The UN is due to hold a drug policy summit in 2016. Debate on the merits of drugs liberalisation is already growing.

“(The UN) must now take the lead in advocating a new cooperative international framework based on the fundamental acceptance that different policies will work for different countries and regions,” the foreword said.

Signatories of the text included five Nobel prize-winning economists – among them Kenneth Arrow, Christopher Pissarides and Thomas Schelling – as well as former US secretary of state George Schultz, British deputy prime minister Nick Clegg and Javier Solana, a former EU foreign policy chief.

It accompanied a report on the impact of global anti-drug policies published by the London School of Economics yesterday.
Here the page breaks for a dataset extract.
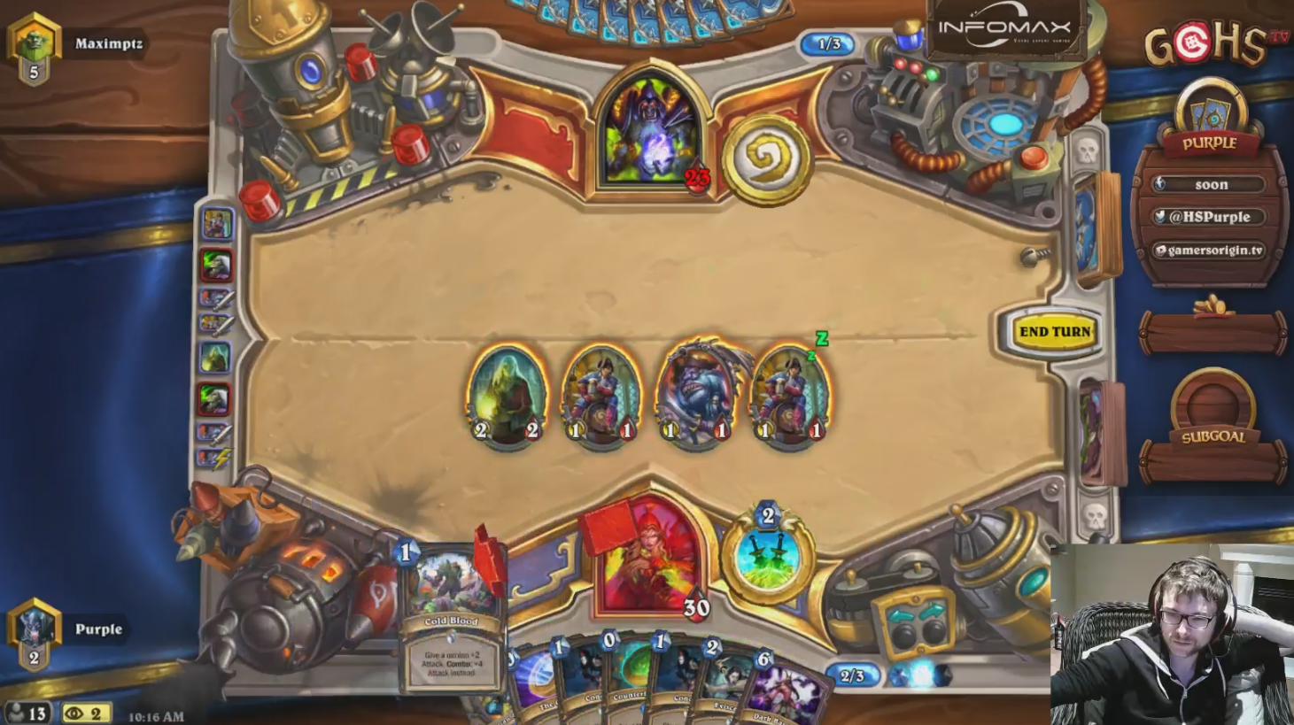 ここでPurpleとEloiseは《ガジェッツァンの競売人 / Gadgetzan Auctioneer》のドローという将来的な可能性を捨て、ヘルス2のミニオンに《冷血 / Cold Blood》を乗せて追加4ダメージと次のターン以降にも継続する脅威を盤面に作り出します。もしAoEが無ければここでゲームがおわり、AoEがあるなら除去されるのは仕方ないとしても、《シャドウボルト / Shadow Bolt》での対処を潰すために《闇の売人 / Dark Peddler》で引き当てた《隠蔽 / Conceal》1枚を消費します。

Some countries in Latin America have begun to turn away from US-led attempts to stamp out drugs through prohibition.

Uruguay’s Parliament in December allowed the growing, sale and smoking of marijuana. Colombia’s President has called for a debate on alternatives to the war on drugs and Guatemala’s President has said his country could present a plan to legalise production of marijuana and opium poppies this year.

Voters in the US states of Colorado and Washington passed backed legalising the possession and use of recreational marijuana in 2012.

The LSE report listed ways that efforts to defeat the drugs trade have failed, including research that found that a crackdown on cocaine trafficking in Colombia might account for as much as 46 per cent of the increase in drug-related murders in Mexico as the trade shifted north.

It also cited estimates that drug offences were responsible for about 40 per cent of the nine million people incarcerated around the world.